7. When he had come to one of the cities not far away (the name of which is given by some ), and had consoled the brethren in other matters, he finally turned to the bishop that had been appointed, and seeing a youth of powerful physique, of pleasing appearance, and of ardent temperament, he said, ‘This one I commit to you in all earnestness in the presence of the Church and with Christ as witness.’ And when the bishop had accepted the charge and had promised all, he repeated the same injunction with an appeal to the same witnesses, and then departed for Ephesus.8. But the presbyter taking home the youth committed to him, reared, kept, cherished, and finally baptized him. After this he relaxed his stricter care and watchfulness, with the idea that in putting upon him the seal of the Lord he had given him a perfect protection.
9. But some youths of his own age, idle and dissolute, and accustomed to evil practices, corrupted him when he was thus prematurely freed from restraint. At first they enticed him by costly entertainments; then, when they went forth at night for robbery, they took him with them, and finally they demanded that he should unite with them in some greater crime.
10. He gradually became accustomed to such practices, and on account of the positiveness of his character, leaving the right path, and taking the bit in his teeth like a hard-mouthed and powerful horse, he rushed the more violently down into the depths.
11. And finally despairing of salvation in God, he no longer meditated what was insignificant, but having committed some great crime, since he was now lost once for all, he expected to suffer a like fate with the rest. Taking them, therefore, and forming a band of robbers, he became a bold bandit-chief, the most violent, most bloody, most cruel of them all.
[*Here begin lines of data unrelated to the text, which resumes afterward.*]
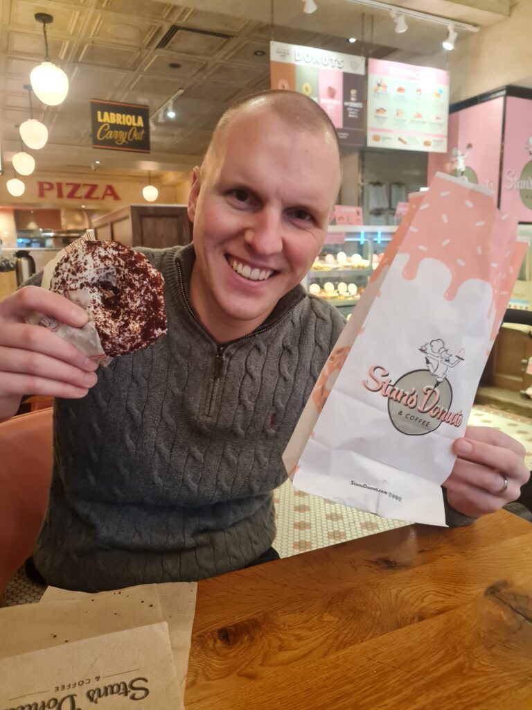 Efter brandstationen blev det en sista tur till favoritlekplatsen. Därefter påbörjades jakten på en bil som Vidar blivit lovad att köpa. Det visade sig bli svårare än väntat då det inte fanns onödigt många leksaksaffärer i området vi var i. Vi hittade dock en munk till Vidar och hittade sedan en sportbar där vi fick en god lunch. Med nya krafter tog vi oss till Macys och Vidars val föll efter mycket letande på ett paket med en brandbil, en ambulans och en polisbil. En riktig bra sista dag innan vi sov nästan hela vägen hem på planet. Aldrig har det gått smidigare att flyga! Gissar att övning gett färdighet och med över 20 flygningar i bagaget börjar Vidar få riktig rutin.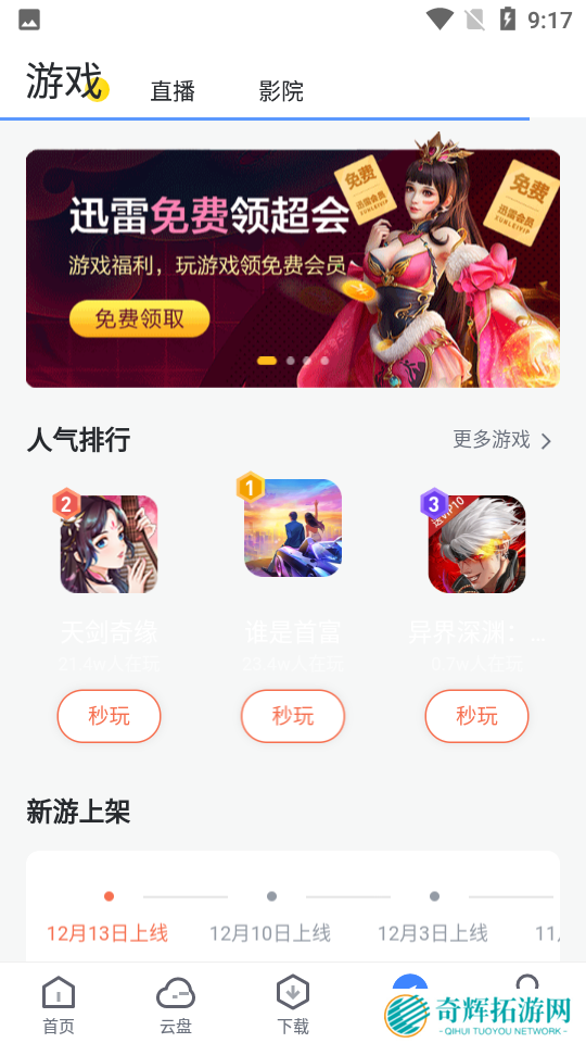 迅雷HD集下载、云盘、影音等功能于一体,完成继承了迅雷一贯的高速下载特点,还针对平板设备的操作习惯进行优化和升级,大型软件、高清视频、图片文件都可以快速完成下载。软件内置云盘服务,登录即可获取1T免费存储空间,将重要的文件上传到云端,依托最先进的加密技术,确保第三方平台无法直接获取。云盘中的文件可以直接打开浏览,借助视频解码技术,影音文件以原声播放。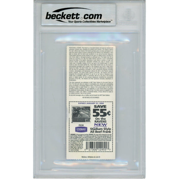 The number in the listing title is just an inventory sku for our records and is not the authentication number. The item pictured is the exact item you will receive, please see photos for condition. This is a Baltimore Ravens Slabbed 10/26/03 Ticket Stub that was personally autographed by Ray Lewis. Includes a certificate of authenticity from Beckett Authentication Services (BAS) and Denver Autographs.
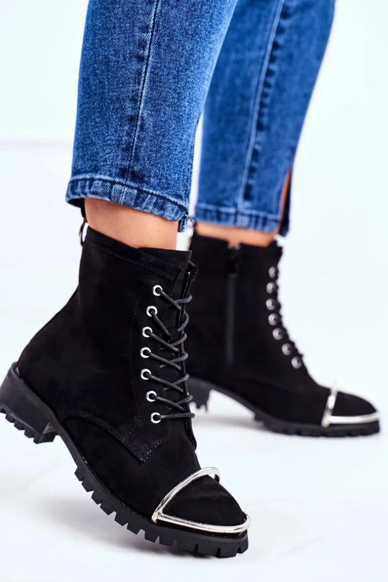 Botki Damskie Lu Boo Czarne Zamszowe Workery ze Stalową Oprawą Jacksy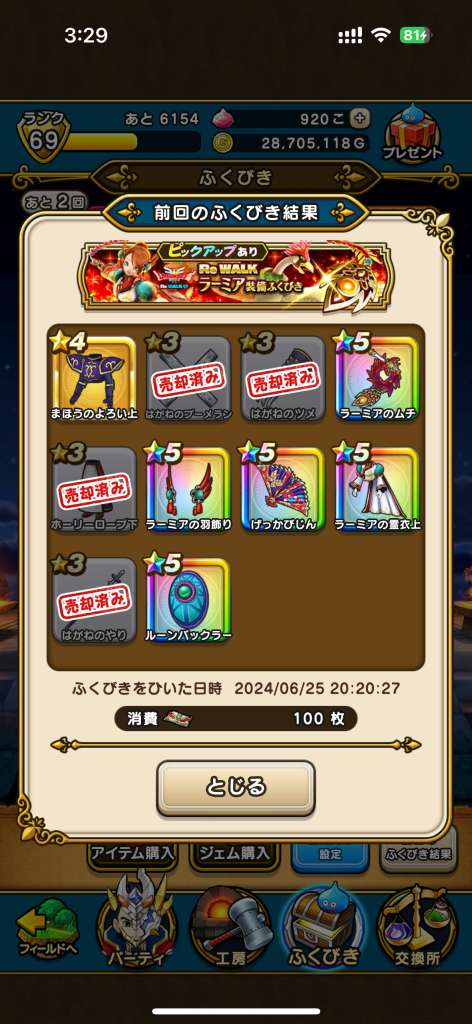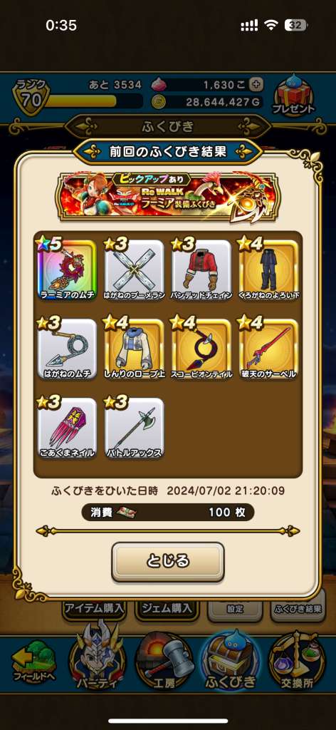 無課金で円月もなかったのだが、今回、ギガブレードとラーミア鞭が運良く手に入った。この武器コンビ最強だね!今まで全くクリアできなかったれんごくの祠も天気の祠も、もはや誰も死なずにクリアできるようになった、、、

12. Time passed, and some necessity having arisen, they sent for John. But he, when he had set in order the other matters on account of which he had come, said, ‘Come, O bishop, restore us the deposit which both I and Christ committed to you, the church, over which you preside, being witness.’
13. But the bishop was at first confounded, thinking that he was falsely charged in regard to money which he had not received, and he could neither believe the accusation respecting what he had not, nor could he disbelieve John. But when he said, ‘I demand the young man and the soul of the brother,’ the old man, groaning deeply and at the same time bursting into tears, said, ‘He is dead.’ ‘How and what kind of death?’ ‘He is dead to God,’ he said; ‘for he turned wicked and abandoned, and at last a robber. And now, instead of the church, he haunts the mountain with a band like himself.’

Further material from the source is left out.